> **Data for this exercise**:
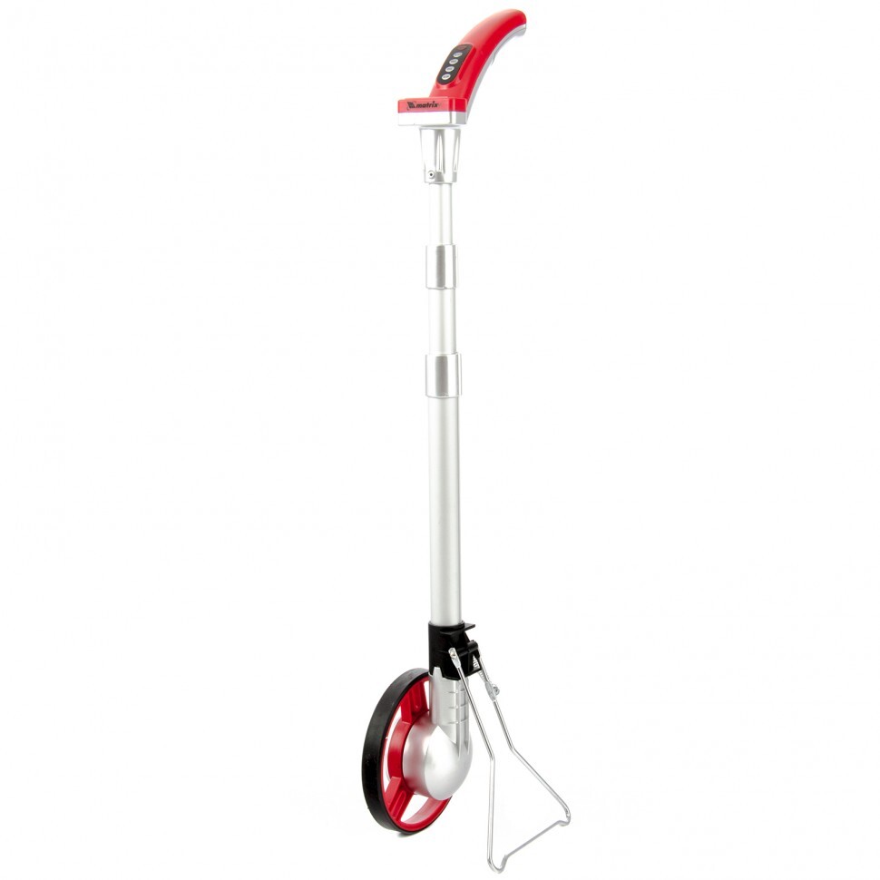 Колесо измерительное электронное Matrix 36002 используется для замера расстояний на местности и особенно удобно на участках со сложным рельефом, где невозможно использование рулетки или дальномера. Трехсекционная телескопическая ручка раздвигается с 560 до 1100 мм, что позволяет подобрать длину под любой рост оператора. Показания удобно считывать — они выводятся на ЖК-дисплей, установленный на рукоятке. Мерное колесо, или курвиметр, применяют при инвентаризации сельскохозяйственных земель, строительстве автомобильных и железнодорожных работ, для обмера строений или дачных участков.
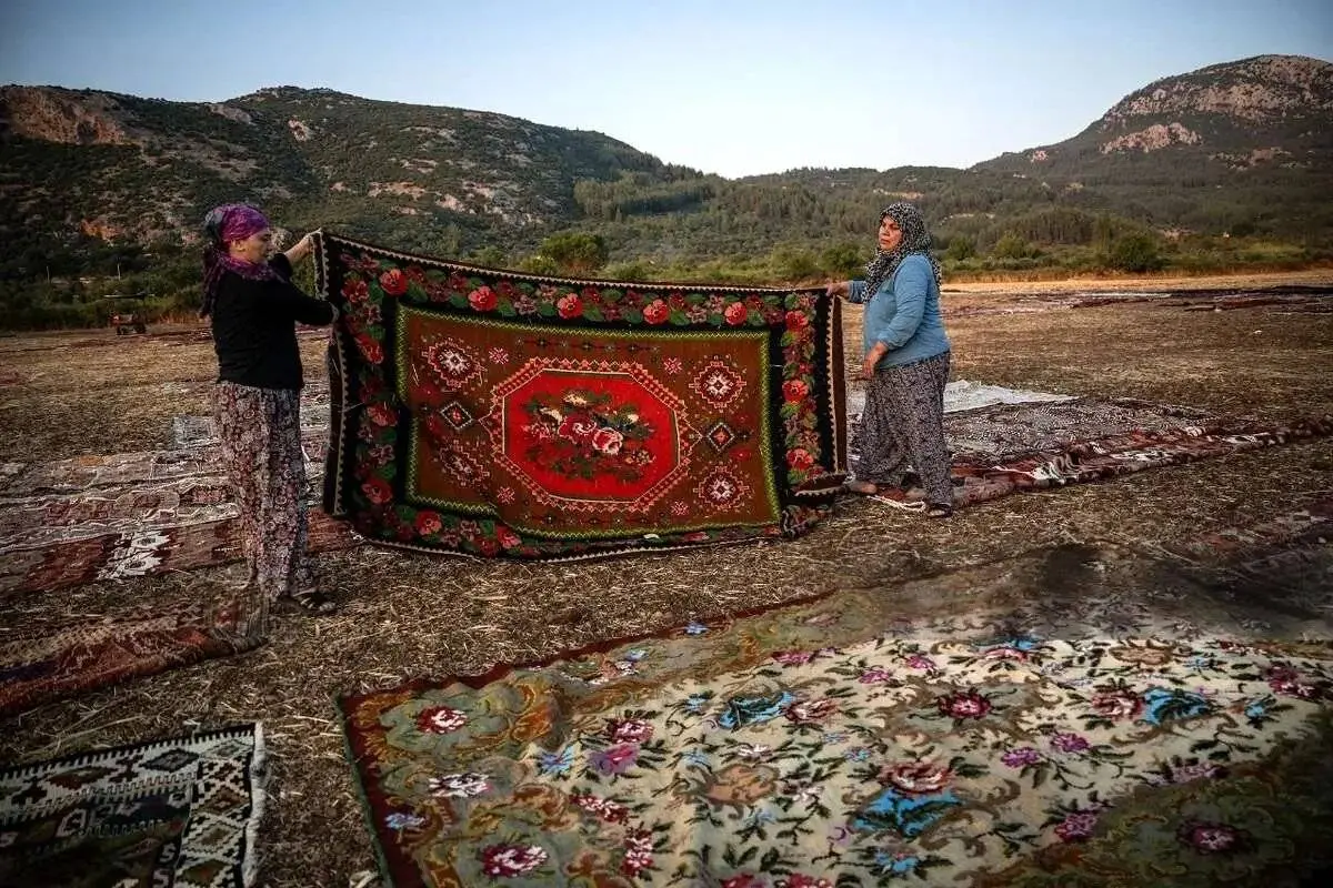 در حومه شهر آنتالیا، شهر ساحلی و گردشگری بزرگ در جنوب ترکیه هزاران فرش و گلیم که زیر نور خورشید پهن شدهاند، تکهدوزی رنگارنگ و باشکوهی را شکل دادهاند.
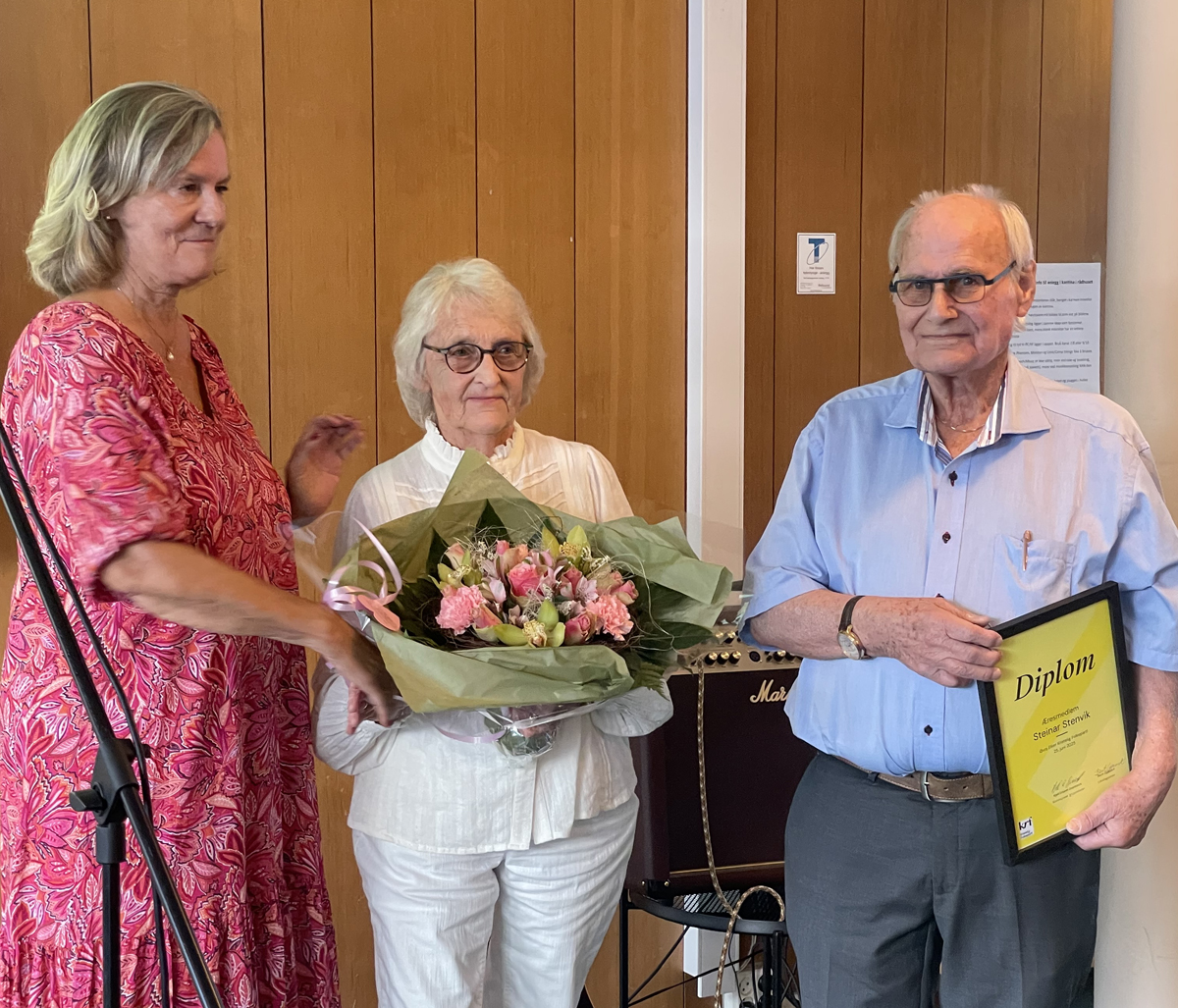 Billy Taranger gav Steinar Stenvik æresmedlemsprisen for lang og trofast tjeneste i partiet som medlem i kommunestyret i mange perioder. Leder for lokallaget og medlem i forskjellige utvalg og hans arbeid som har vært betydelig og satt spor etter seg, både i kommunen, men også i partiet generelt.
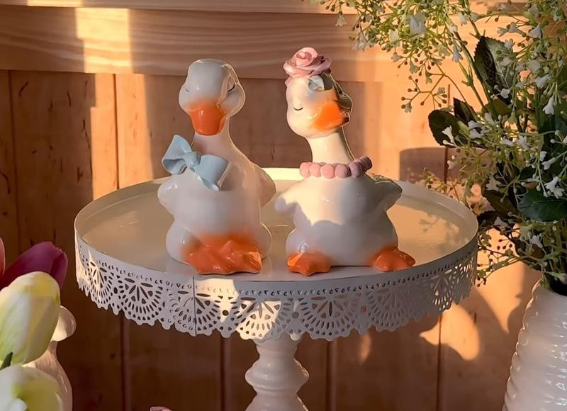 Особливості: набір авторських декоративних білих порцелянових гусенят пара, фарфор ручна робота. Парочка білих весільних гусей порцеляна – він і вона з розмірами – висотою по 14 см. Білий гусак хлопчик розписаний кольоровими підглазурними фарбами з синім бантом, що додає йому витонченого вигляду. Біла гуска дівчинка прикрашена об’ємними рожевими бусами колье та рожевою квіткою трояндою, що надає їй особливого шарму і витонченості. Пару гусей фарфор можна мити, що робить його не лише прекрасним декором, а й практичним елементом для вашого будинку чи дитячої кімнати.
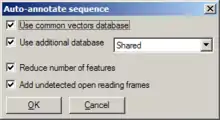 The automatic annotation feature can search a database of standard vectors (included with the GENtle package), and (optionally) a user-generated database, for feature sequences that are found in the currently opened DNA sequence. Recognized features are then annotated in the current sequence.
...
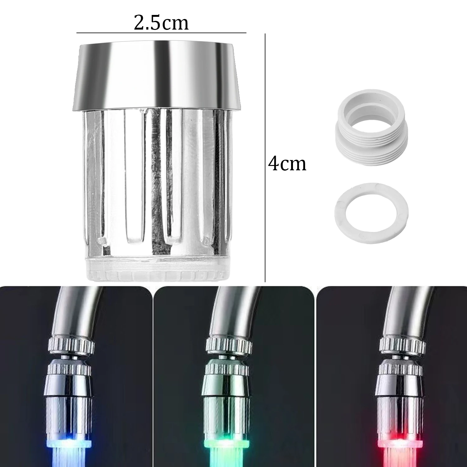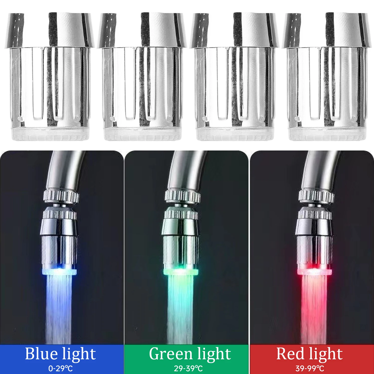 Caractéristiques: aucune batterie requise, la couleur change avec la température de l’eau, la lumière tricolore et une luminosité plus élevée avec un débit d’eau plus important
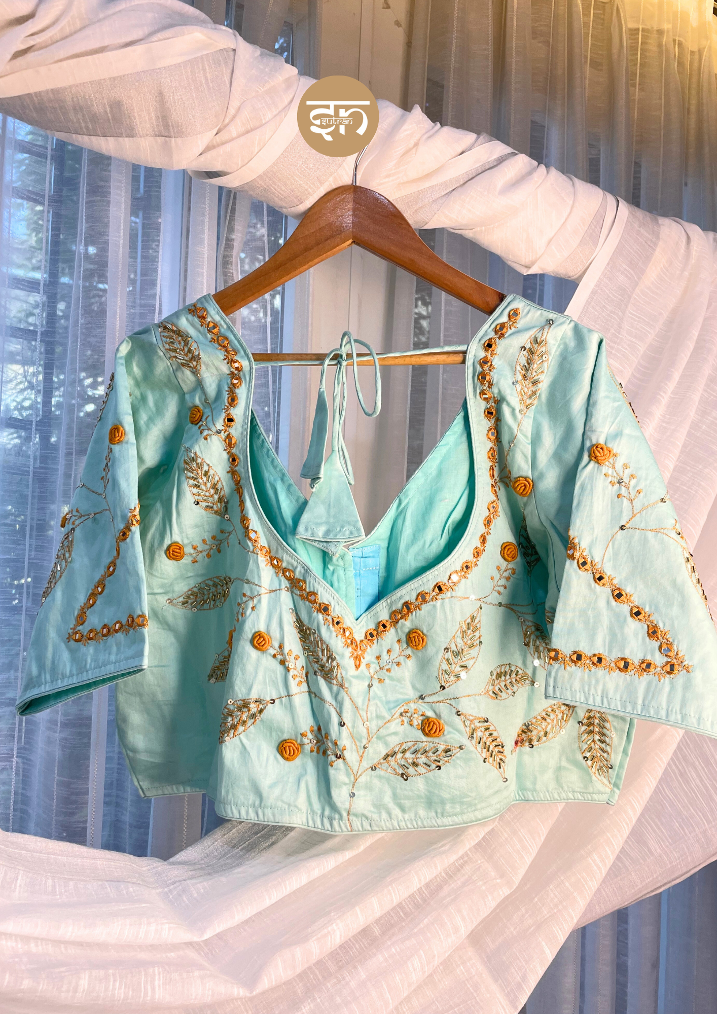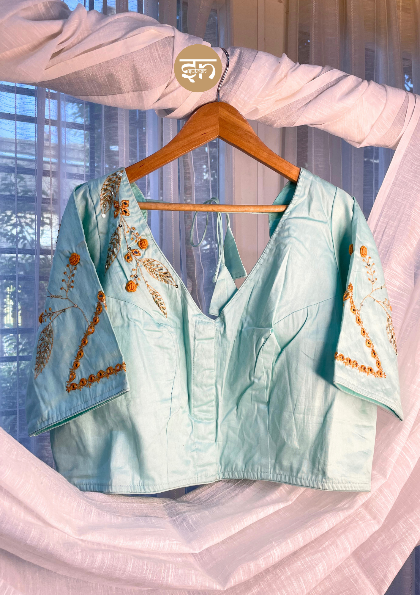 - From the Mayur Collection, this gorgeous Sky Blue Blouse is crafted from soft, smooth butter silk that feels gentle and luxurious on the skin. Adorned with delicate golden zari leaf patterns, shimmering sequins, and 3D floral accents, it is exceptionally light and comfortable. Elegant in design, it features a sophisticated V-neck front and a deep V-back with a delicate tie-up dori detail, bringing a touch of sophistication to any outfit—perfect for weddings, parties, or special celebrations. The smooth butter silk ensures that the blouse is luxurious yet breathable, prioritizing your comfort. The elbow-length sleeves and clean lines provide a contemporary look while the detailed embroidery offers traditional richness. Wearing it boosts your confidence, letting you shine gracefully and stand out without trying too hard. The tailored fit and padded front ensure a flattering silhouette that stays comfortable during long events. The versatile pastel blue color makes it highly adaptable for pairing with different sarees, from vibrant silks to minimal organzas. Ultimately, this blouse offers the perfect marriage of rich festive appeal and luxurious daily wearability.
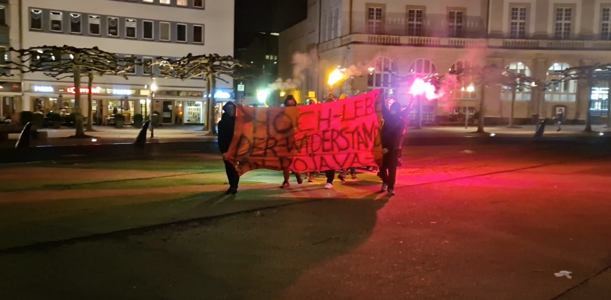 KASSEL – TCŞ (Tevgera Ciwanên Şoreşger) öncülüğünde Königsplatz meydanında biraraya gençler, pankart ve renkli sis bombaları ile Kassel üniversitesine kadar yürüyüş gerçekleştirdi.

> **Task to carry out**: Look above for the line containing "Особливості: набір авторських", then copy exactly from it through the line containing "The automatic annotation", keeping both and leaving out pictures. Add nothing else.

> **Answer box**:
 Особливості: набір авторських декоративних білих порцелянових гусенят пара, фарфор ручна робота. Парочка білих весільних гусей порцеляна – він і вона з розмірами – висотою по 14 см. Білий гусак хлопчик розписаний кольоровими підглазурними фарбами з синім бантом, що додає йому витонченого вигляду. Біла гуска дівчинка прикрашена об’ємними рожевими бусами колье та рожевою квіткою трояндою, що надає їй особливого шарму і витонченості. Пару гусей фарфор можна мити, що робить його не лише прекрасним декором, а й практичним елементом для вашого будинку чи дитячої кімнати.
 The automatic annotation feature can search a database of standard vectors (included with the GENtle package), and (optionally) a user-generated database, for feature sequences that are found in the currently opened DNA sequence. Recognized features are then annotated in the current sequence.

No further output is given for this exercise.